Canadian Dollar Talking Points

USD/CAD extends the pullback from the monthly high (1.3646) as the Bank of Canada (BoC) retains the current policy in July, and the exchange rate may continue to give back the advance from the June low (1.3315) as the central bank largely endorses a wait-and-see approach for monetary policy.

USD/CAD Rate Eyes June Low on Wait-and-See BoC Policy

USD/CAD approaches the July low (1.3491) as the BoC pledges to “hold the policy interest rate at the effective lower bound,” and it seems as though the Governing Council is in no rush to deploy more non-standard tools as the central bank plans to carry out “large-scale asset purchases of at least $5 billion per week of Government of Canada bonds.

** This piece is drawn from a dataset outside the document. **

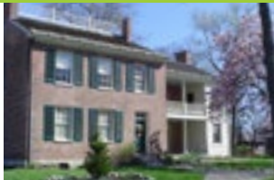
WYLIE HOUSE MUSEUM

Image of Bank of Canada interest rate

Source: BoC

The BoC insists that the “the Bank is prepared to provide further monetary stimulus as needed,” but the update to the Monetary Policy Report (MPR) suggests the BoC will stick to the sidelines throughout the remainder of the year as the central scenario shows the Canadian economy growing “5.1 percent in 2021 and 3.7 percent in 2022.”

In turn, the BoC may tame speculation for additional monetary support as “the combination of the very low policy rate and asset purchases is providing considerable monetary stimulus,” but the central bank appears reluctant to drop the dovish forward guidance as Governor Tiff Macklem warns that “the exceptionally strong near-term growth of the reopening phase is likely to give way to a slower and bumpier recuperation phase.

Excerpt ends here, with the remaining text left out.